Além do homicídio, ele teria um histórico de abusos contra a mulher, que havia, inclusive, obtido medidas protetivas contra ele na justiça americana.

Ele teria desembarcado em São Paulo (SP) duas semanas após o crime. As declarações que deu ao entrar no país seriam falsas. Ele disse às autoridades brasileiras que fora um agente do contraterrorismo nos EUA e que seria vítima de perseguição política. Ele, então, se casou com uma brasileira e obteve a permissão para residir no país.

A íntegra da nota da Secretaria de Segurança Pública de Minas:

A Secretaria de Estado de Justiça e Segurança Pública de Minas Gerais, por meio do Departamento Penitenciário (Depen MG), informa que na manhã desta sexta-feira (21/2), por volta das 8h30, durante a entrega do café da manhã aos detentos que cumprem pena no Presídio de Pouso Alegre, foi constatado o óbito do preso Sean Karl Grebinger, 48 anos.

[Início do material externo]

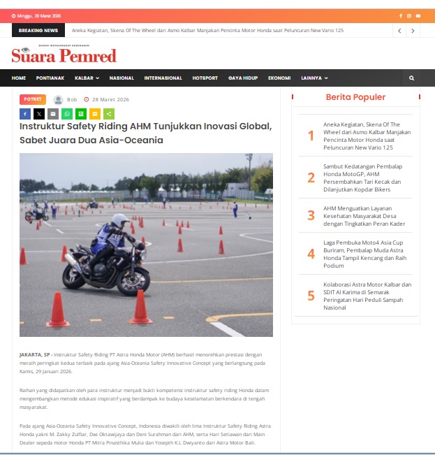 Instruktur Safety Riding AHM Tunjukkan Inovasi Global, Sabet Juara Dua Asia-Oceania by masmul 28 Maret 2026 in Silahkan kunjungi https://www.suarapemredkalbar.com/read/potret/28032026/instruktur-safety-riding-ahm-tunjukkan-inovasi-global-sabet-juara-dua-asia-oceania. You Might Like Regional Public Launching New ADV160 The SUV Pride Grand Launching New PCX 160 Truly Exceptional! Tetap hati-hati ya bro sist berkendara saat hujan.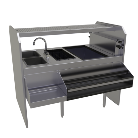 Assembly Style Pass-Thru Cocktail Station, 54"W x 32"D, leftward workflow, pass-thru ice bin, 8-bottle insulated storage well, (2) wet waste sinks with (1) gooseneck faucet (low lead compliant) & strainers, liquor bottle storage, 15"D stainless steel draining shelf with removable perforated inserts, ETL-Sanitation (NOTE: Made to order, not returnable)
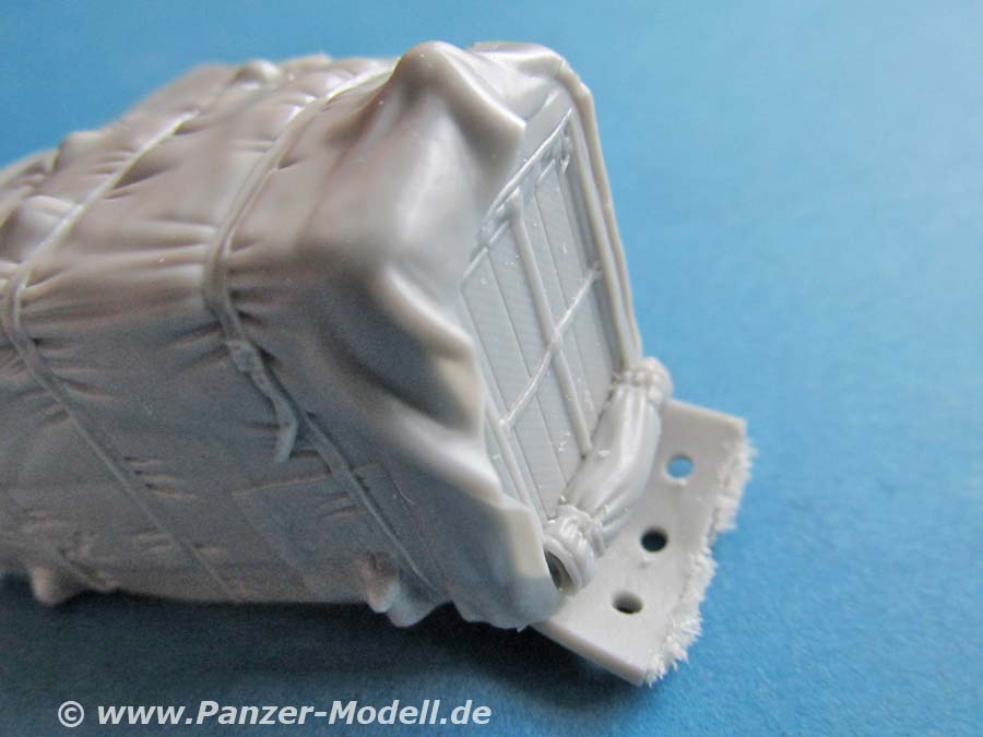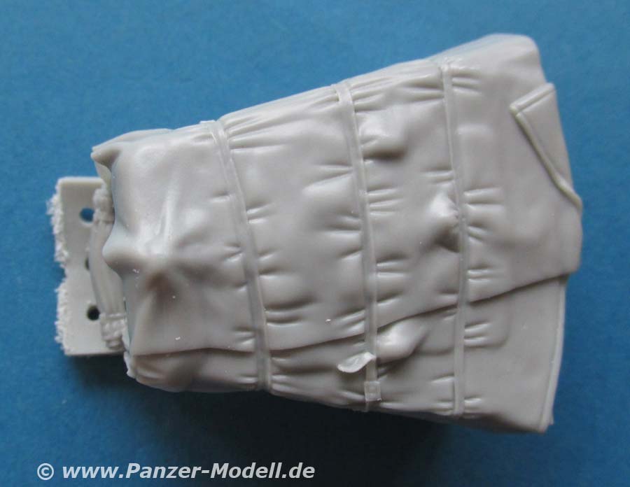 Der Guss des Bauteils ist sehr gut! Wie gesagt in einem Stück gegossen, völlig luftblasen- und verzugsfrei. Ein Kleiner Anguss vorn an der Unterseite und dazu ist die Darstellung der Abdeckplane und des Kühlerschutzes ausgezeichnet. Tolle Details mit so vielen Feinheiten, Zurrgurt mit Schnalle, Kleine Knöpfe und ein realistischer Faltenwurf sowie eine Darstellung des Kühlers mit heruntergerollter Verkleidung..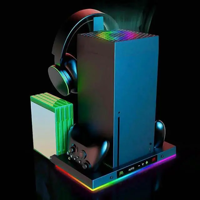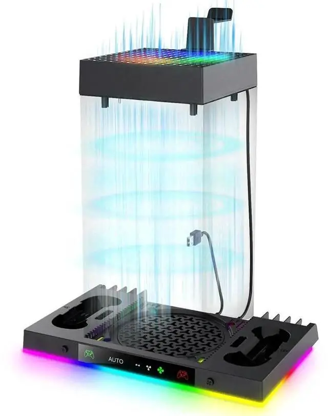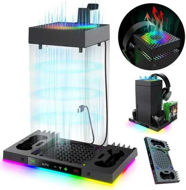RGB Charging Dock with 3-Levels Fan Cooling Fan Base with Game Discs Card Slot Game Controller Handle Charger for Xbox Series X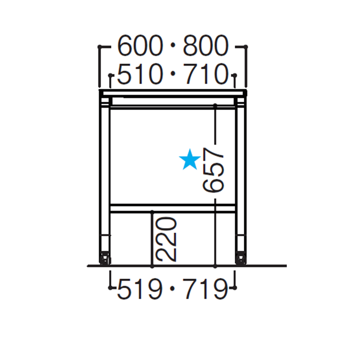 *引き出しなしのタイプで画像の★の寸法は695mmです。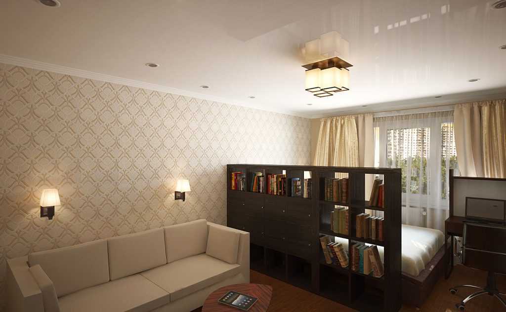 Стеллажами для книг или одежды можно разделить помещение на зоны, сэкономив при этом пространство. Такой вид перегородок может иметь различную высоту. Невысокие полки отделяют спальню от зала частично, стеллажи высотой до потолка полностью разделяют функциональные зоны.

O interno foi encontrado sem os sinais vitais, com uma “tereza” – corda feita de pedaços de tecido – amarrada ao pescoço nas grades da cela. Imediatamente, os policiais penais foram acionados e constataram o óbito do interno. Grebinger não dividia cela com outros presos. No espaço foram encontradas três cartas destinadas aos familiares.

A perícia da Polícia Civil foi acionada para investigar as circunstâncias da morte e o presídio, por sua vez, irá instaurar um procedimento interno para apurar administrativamente o fato.